DESCRIPTION OF THE TASK - Omit all pictures, then retype the data exactly as given.

DATASET SECTION -
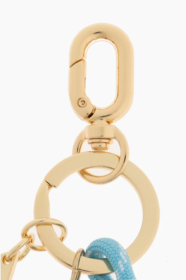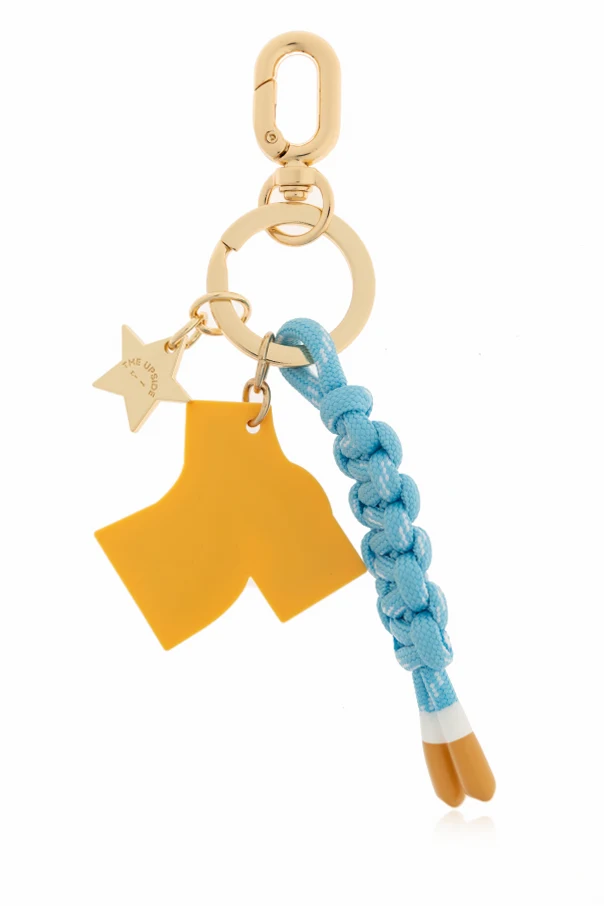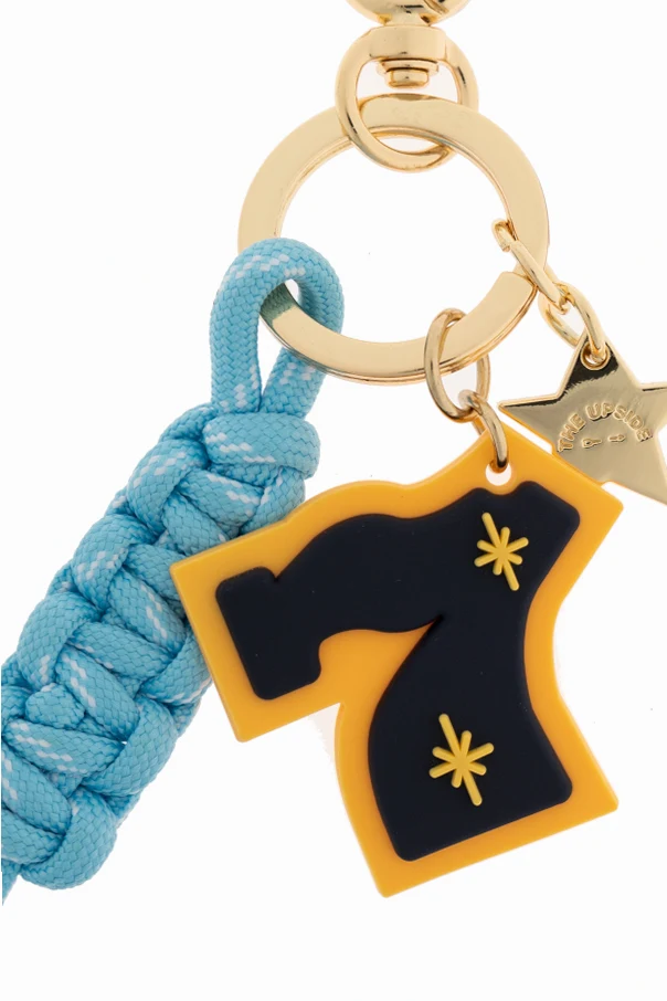 Brelok z zawieszką The Upside zachwyca wyrafinowaną formą i wyrazistą kompozycją kolorystyczną – multikolor stanowi tutaj esencję nieprzeciętnego stylu. Główną ozdobą jest stylizowana cyfra „7” o łagodnych liniach, wyróżniona kontrastową obwódką. Efektowności dodaje gruby splot z niebiesko-błękitnej, syntetycznej linki, którego precyzja wykonania świadczy o wyjątkowej dbałości o detale. Dwie żółte gwiazdki na czarnym tle cyfry wprowadzają aurę lekkości i fantazji, natomiast spójności dopełniają złociste metalowe okucia oraz dyskretne logo projektanta na delikatnej zawieszce.
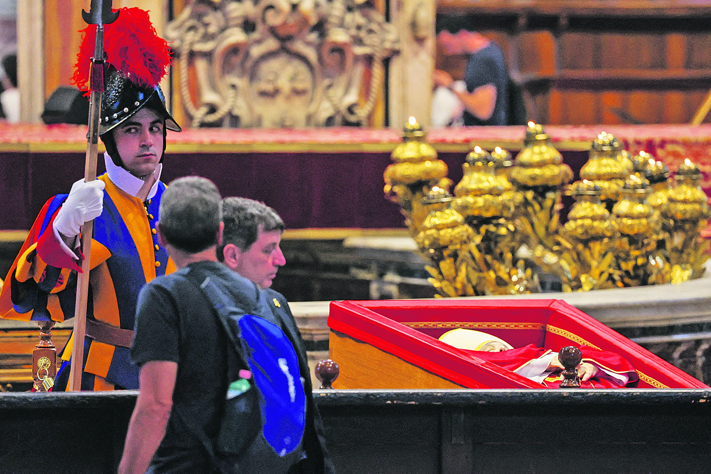 Χθες, το σκήνωμα του Πάπα Φραγκίσκου έφτασε στη Βασιλική του Αγίου Πέτρου για το τριήμερο λαϊκό προσκύνημα, εκεί όπου χιλιάδες πιστοί έχουν συγκεντρωθεί για να αποτίσουν φόρο τιμής στον εκλιπόντα Ποντίφικα. Ο παρεκκλήσιος ξενώνας της Αγίας Μάρθας, όπου διατηρούσε το παπικό του διαμέρισμα σφραγίστηκε με κόκκινη κορδέλα και βουλοκέρι.
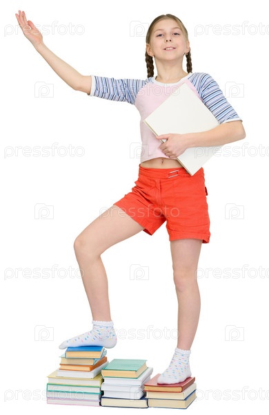Девочка с книгой на пьедестале из учебников на белом фоне
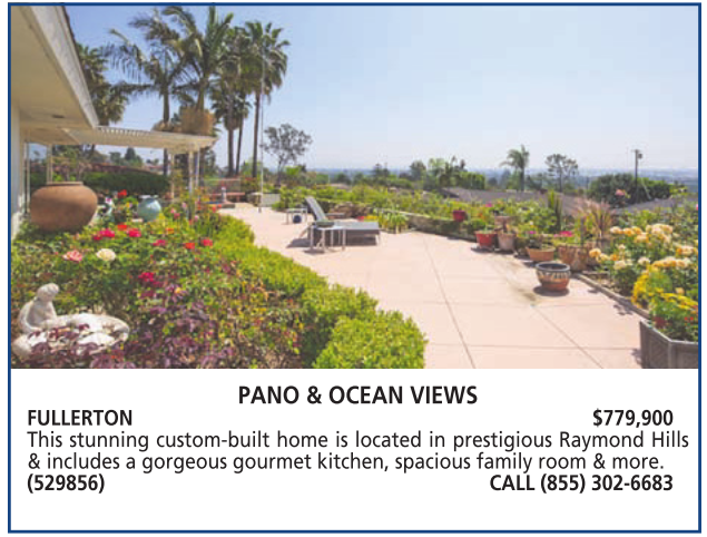 PANO & OCEAN VIEWS FULLERTON $779,900 This stunning custom-built home is located in prestigious Raymond Hills & includes a gorgeous gourmet kitchen, spacious family room & more. (529856) CALL (855) 302-6683

ANSWER FOR THIS EXERCISE -
 Brelok z zawieszką The Upside zachwyca wyrafinowaną formą i wyrazistą kompozycją kolorystyczną – multikolor stanowi tutaj esencję nieprzeciętnego stylu. Główną ozdobą jest stylizowana cyfra „7” o łagodnych liniach, wyróżniona kontrastową obwódką. Efektowności dodaje gruby splot z niebiesko-błękitnej, syntetycznej linki, którego precyzja wykonania świadczy o wyjątkowej dbałości o detale. Dwie żółte gwiazdki na czarnym tle cyfry wprowadzają aurę lekkości i fantazji, natomiast spójności dopełniają złociste metalowe okucia oraz dyskretne logo projektanta na delikatnej zawieszce.
 Χθες, το σκήνωμα του Πάπα Φραγκίσκου έφτασε στη Βασιλική του Αγίου Πέτρου για το τριήμερο λαϊκό προσκύνημα, εκεί όπου χιλιάδες πιστοί έχουν συγκεντρωθεί για να αποτίσουν φόρο τιμής στον εκλιπόντα Ποντίφικα. Ο παρεκκλήσιος ξενώνας της Αγίας Μάρθας, όπου διατηρούσε το παπικό του διαμέρισμα σφραγίστηκε με κόκκινη κορδέλα και βουλοκέρι.
Девочка с книгой на пьедестале из учебников на белом фоне
 PANO & OCEAN VIEWS FULLERTON $779,900 This stunning custom-built home is located in prestigious Raymond Hills & includes a gorgeous gourmet kitchen, spacious family room & more. (529856) CALL (855) 302-6683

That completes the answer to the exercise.